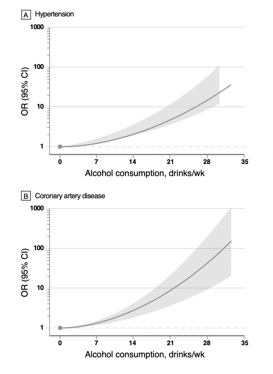 I mentioned that the ICCPUD review exclude studies using Mendelian randomization (MR) which actually are quite important because they have the potential to demonstrate or support causality, unlike observational studies. Notably, not it any of these reports is one such MR study with evidence of cause and effect for high intake of alcohol and hypertension and coronary artery disease (Graphs below, note these are log plots). I reviewed all of this in SUPER AGERS.
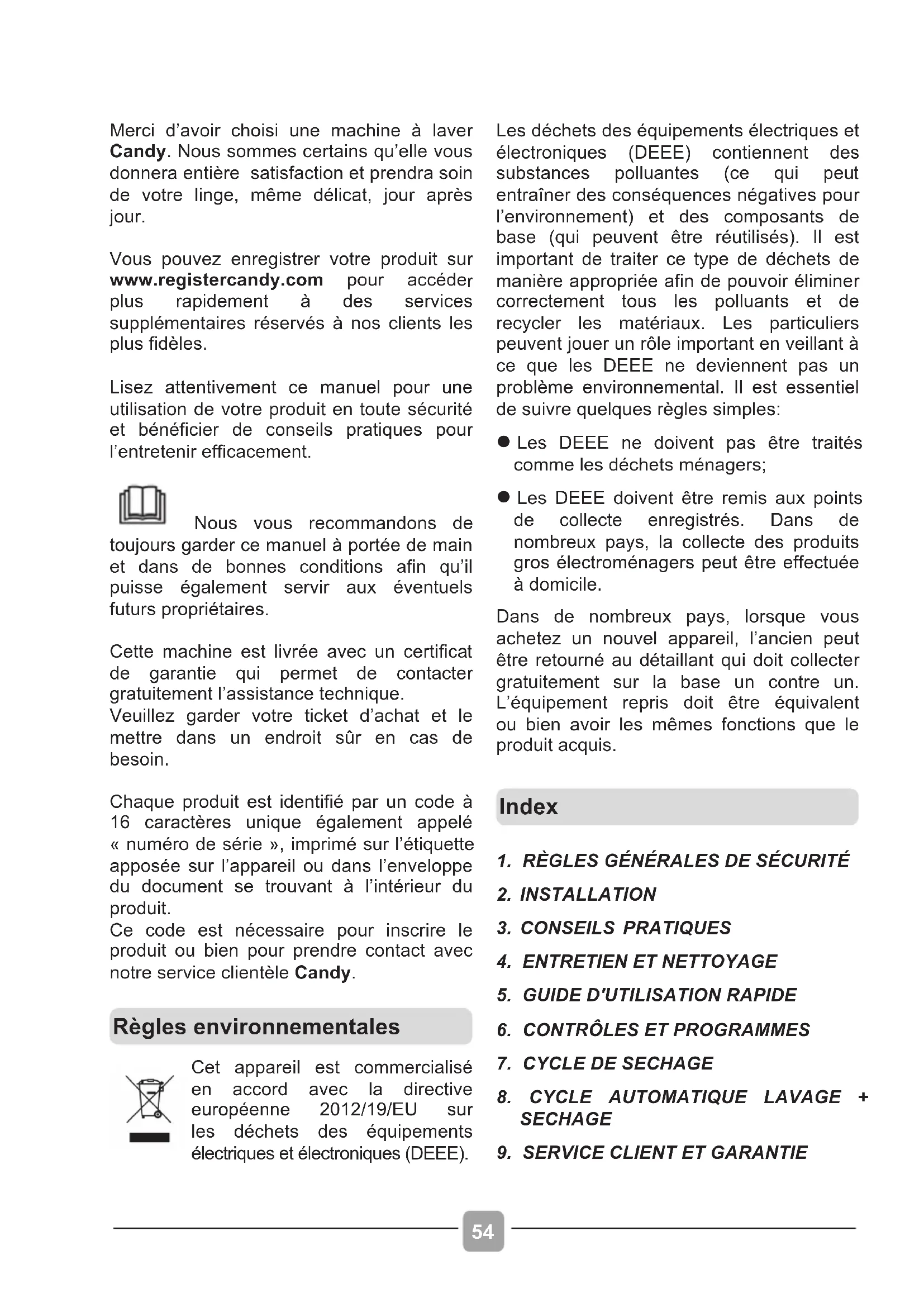 Garantie Le produit est garanti selon les termes et conditions énoncées dans le certificat fourni avec le produit. Le certificat de garantie doit être dûment rempli et conservé, de façon à être montré en cas de besoin. Enregistrez votre produit! Ne perdez pas de temps, inscrivez votre machine à laver sur www.registercandy.com ou en appelant le numéro indiqué sur le matériel.FR
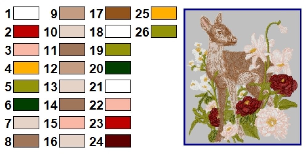 Avec le fichier je mets l'image avec l'ordre des couleurs en jpg car certains logiciels et machines changent les couleurs bien noter vos couleurs de fils choisis dans l'ordre ou ils passent à la broderie car souvent les machines mélangent les dégradés (exemple le marron clair le marron moyen et le marron foncé elles vont annoncer un marron foncé alors que c'est un marron moyen , elles vont mettre une rose alors que c'est un marron etc...)
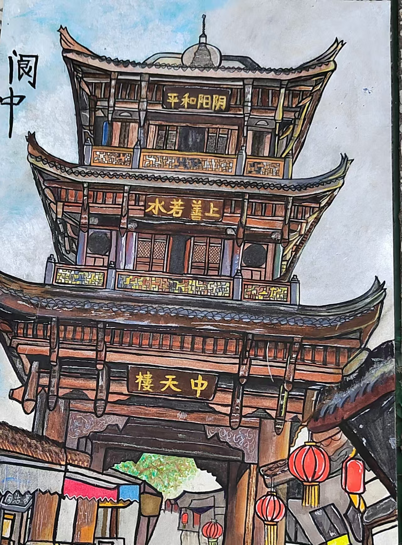 中天楼是四川阆中古城一个著名的建筑。它是阆中古城的风水坐标。古城街道以其为轴心,呈"天心十道"向四面八方次第展开,每层楼檐下,都悬挂着许多匾额,如"上善若水"阴阳平和"等,这些匾额彰显了古城深厚的文化底蕴。
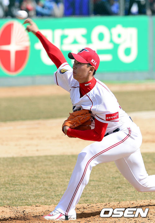 16일 오후 광주구장에서 열린 '2013 한국야쿠르트 세븐 프로야구' KIA 타이거즈와 두산 베어스의 시범경기 7회초 교체된 박지훈이 역투하고 있다.
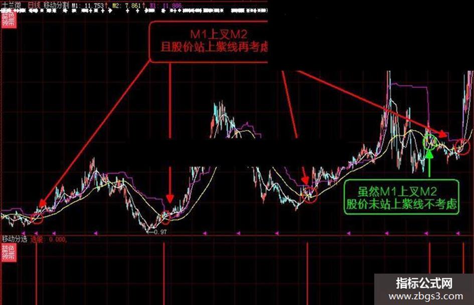 M1上穿M2,股价没有站上紫线的不考虑。当M1上穿M2后,不要急于介入,等股价站上紫线再考虑。股价并没有下破紫线平台,但紫线向下紧密靠拢黄线形成一个“金窝”,这是起爆前的“下蹲”(洗盘)。指标加密,不喜请绕行。
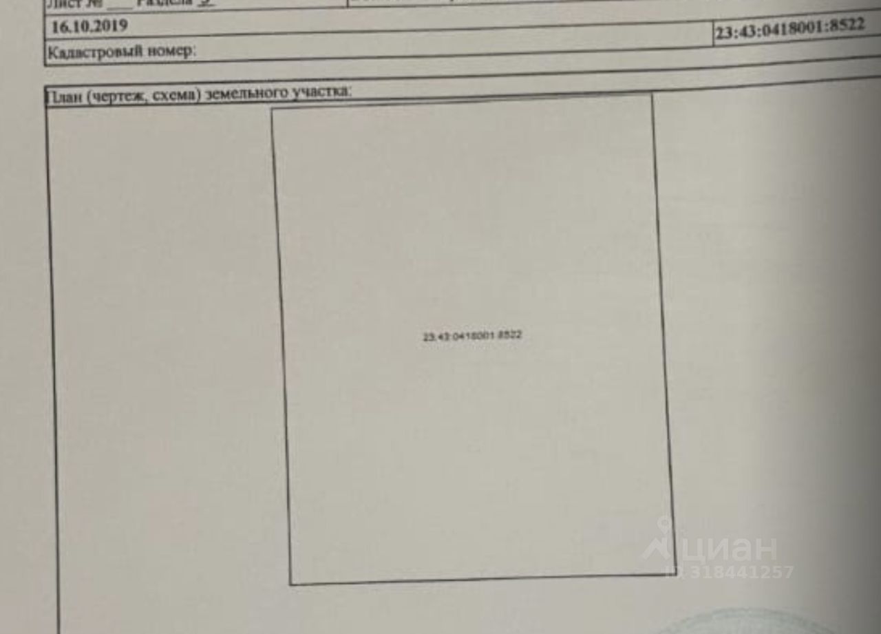 Кадастровый номер участка 23:43:0418001:*** указал продавец
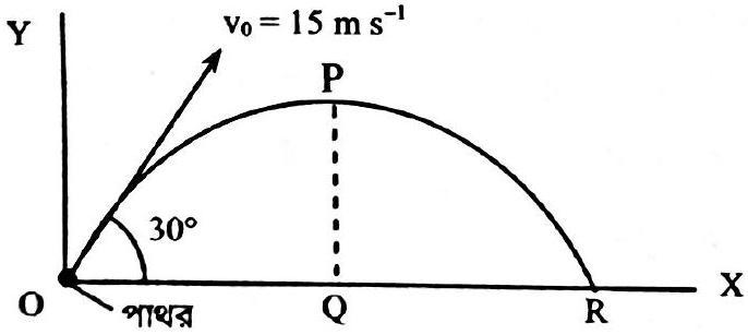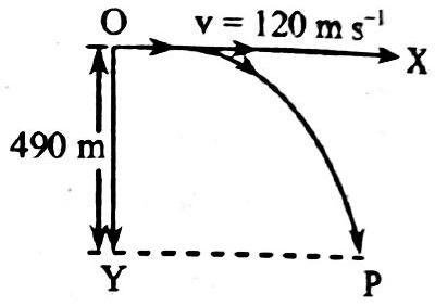 একটি বোমারু বিমান ভূমি হতে 490 m উচ্চতায় ভূমির সমান্তরালে    বেগে বোমা ফেলে দিল ভূপৃষ্ঠের উপর P একটি বিন্দু
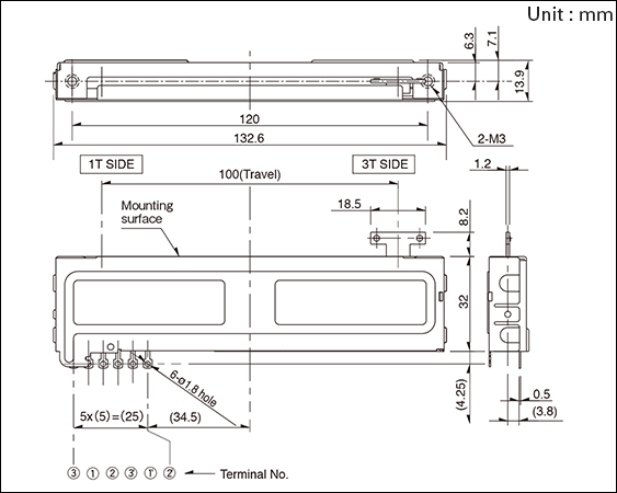 将軸(操縱杆)放(fàng)置在端子(zǐ)1側的(de)終端,測量端子(zǐ)1和(hé)2之間(jiān)的(de)電(diàn)阻值。然後,把軸(操縱杆)放(fàng)置在端子(zǐ)3側↓的(de)終端,測量端子(zǐ)2和(hé)3之間(jiān)的(de)有(yǒu)抽頭的(de)時(shí),旋轉(移動)軸(操縱杆),測量•抽頭與端子(zǐ)2間(jiān)的(de)最小(xiǎo)電(diàn)阻值。
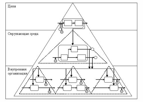 В результате такого моделирования строятся управляющие процессы, являющиеся ортогональными к процессам оперативной деятельности. То есть переход от уровня к уровню понимается именно как процесс, а на графической схеме получается два ортогональных направления процессов: одно (горизонтальное) оперативное, второе (вертикальное) управления. Причем информацией для вертикального процесса, кроме внешней информации, является результат процессов последующих уровней, в то время как результат процесса предыдущего уровня является управляющей информацией для процессов последующего уровня, таким образом, реализуется управляющая обратная связь. Таким образом, при описании в виде схемы любой бизнес-процесс не должен пониматься плоским и однонаправленным, каждый процесс должен быть связан с другим ортогональным управляющим процессом. Предложенный подход ориентирован на раскрытие целостности организации и обеспечивающих ее механизмов, на выявление многообразных управляющих связей, и реализует представление организации в виде иерархической модели, позволяющей фиксировать целостные свойства компании.
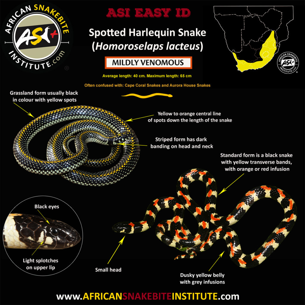 It’s easy to confuse an Aurora House Snake with the Spotted Harlequin Snake.
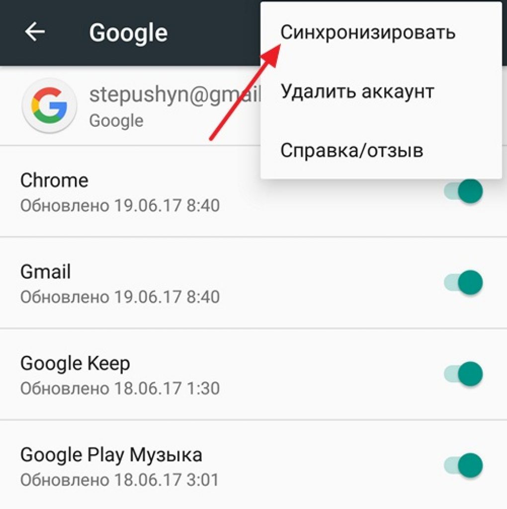 Для запуска немедленной синхронизации аккаунта, нужно кликнуть в верхнем правом углу экрана на кнопку. Будет отрыто меню, где следует выбрать «Синхронизировать».
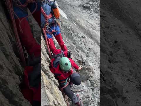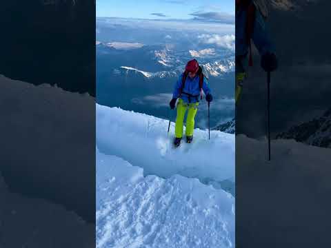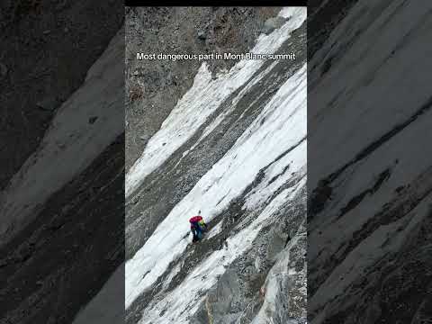 Summit on Mont Blanc through Grand Couloir with falling rocks #montains #alps #summit
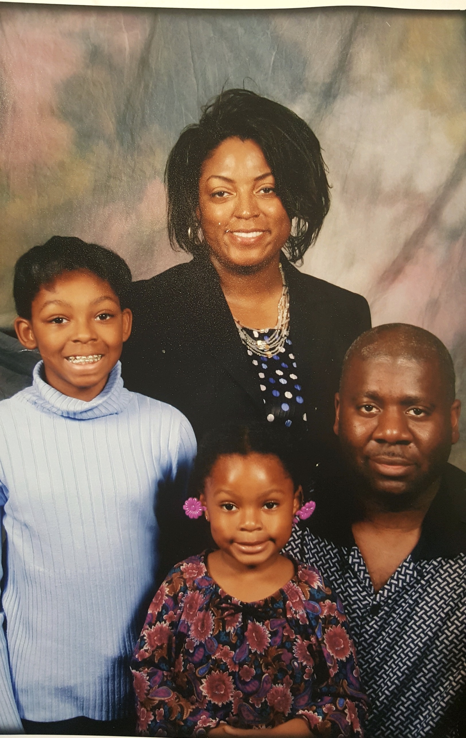 Painted portrait of a Black family: a mother, father, and two daughters.
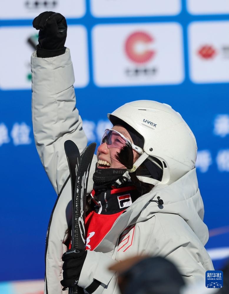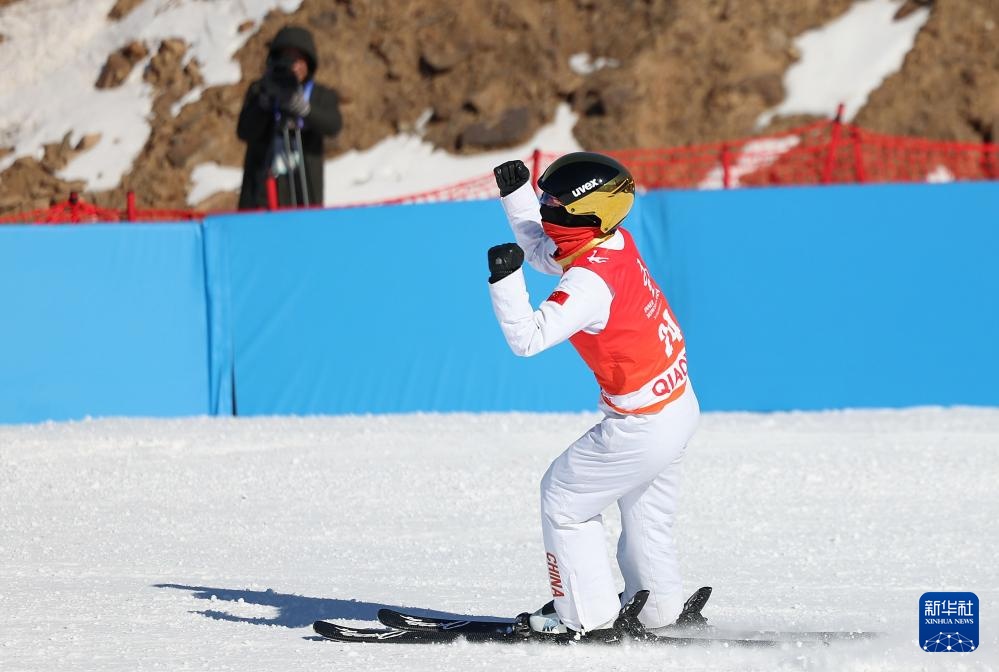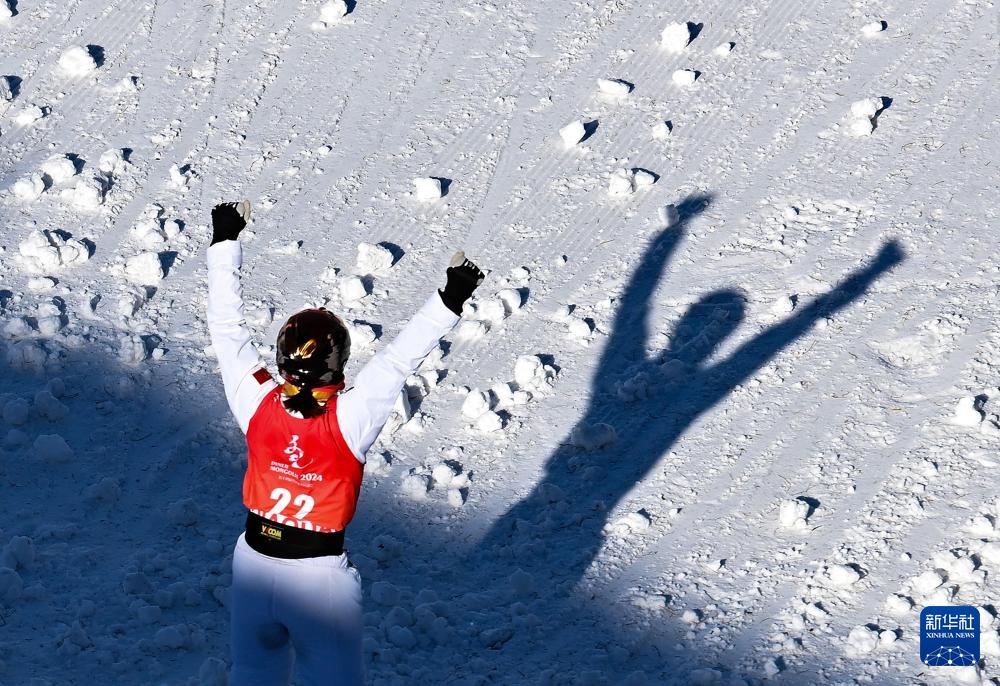2月21日,黑龍江隊選手孔凡鈺在落地成功后慶祝。新華社記者 楊冠宇 攝

************

:: WHAT TO DO ::
With the pictures omitted, copy exactly the lines of the listing above starting at the line containing "Avec le fichier" and ending at the line containing "It’s easy to", both included.

:: THE ANSWER ::
 Avec le fichier je mets l'image avec l'ordre des couleurs en jpg car certains logiciels et machines changent les couleurs bien noter vos couleurs de fils choisis dans l'ordre ou ils passent à la broderie car souvent les machines mélangent les dégradés (exemple le marron clair le marron moyen et le marron foncé elles vont annoncer un marron foncé alors que c'est un marron moyen , elles vont mettre une rose alors que c'est un marron etc...)
 中天楼是四川阆中古城一个著名的建筑。它是阆中古城的风水坐标。古城街道以其为轴心,呈"天心十道"向四面八方次第展开,每层楼檐下,都悬挂着许多匾额,如"上善若水"阴阳平和"等,这些匾额彰显了古城深厚的文化底蕴。
 16일 오후 광주구장에서 열린 '2013 한국야쿠르트 세븐 프로야구' KIA 타이거즈와 두산 베어스의 시범경기 7회초 교체된 박지훈이 역투하고 있다.
 M1上穿M2,股价没有站上紫线的不考虑。当M1上穿M2后,不要急于介入,等股价站上紫线再考虑。股价并没有下破紫线平台,但紫线向下紧密靠拢黄线形成一个“金窝”,这是起爆前的“下蹲”(洗盘)。指标加密,不喜请绕行。
 Кадастровый номер участка 23:43:0418001:*** указал продавец
 একটি বোমারু বিমান ভূমি হতে 490 m উচ্চতায় ভূমির সমান্তরালে    বেগে বোমা ফেলে দিল ভূপৃষ্ঠের উপর P একটি বিন্দু
 将軸(操縱杆)放(fàng)置在端子(zǐ)1側的(de)終端,測量端子(zǐ)1和(hé)2之間(jiān)的(de)電(diàn)阻值。然後,把軸(操縱杆)放(fàng)置在端子(zǐ)3側↓的(de)終端,測量端子(zǐ)2和(hé)3之間(jiān)的(de)有(yǒu)抽頭的(de)時(shí),旋轉(移動)軸(操縱杆),測量•抽頭與端子(zǐ)2間(jiān)的(de)最小(xiǎo)電(diàn)阻值。
 В результате такого моделирования строятся управляющие процессы, являющиеся ортогональными к процессам оперативной деятельности. То есть переход от уровня к уровню понимается именно как процесс, а на графической схеме получается два ортогональных направления процессов: одно (горизонтальное) оперативное, второе (вертикальное) управления. Причем информацией для вертикального процесса, кроме внешней информации, является результат процессов последующих уровней, в то время как результат процесса предыдущего уровня является управляющей информацией для процессов последующего уровня, таким образом, реализуется управляющая обратная связь. Таким образом, при описании в виде схемы любой бизнес-процесс не должен пониматься плоским и однонаправленным, каждый процесс должен быть связан с другим ортогональным управляющим процессом. Предложенный подход ориентирован на раскрытие целостности организации и обеспечивающих ее механизмов, на выявление многообразных управляющих связей, и реализует представление организации в виде иерархической модели, позволяющей фиксировать целостные свойства компании.
 It’s easy to confuse an Aurora House Snake with the Spotted Harlequin Snake.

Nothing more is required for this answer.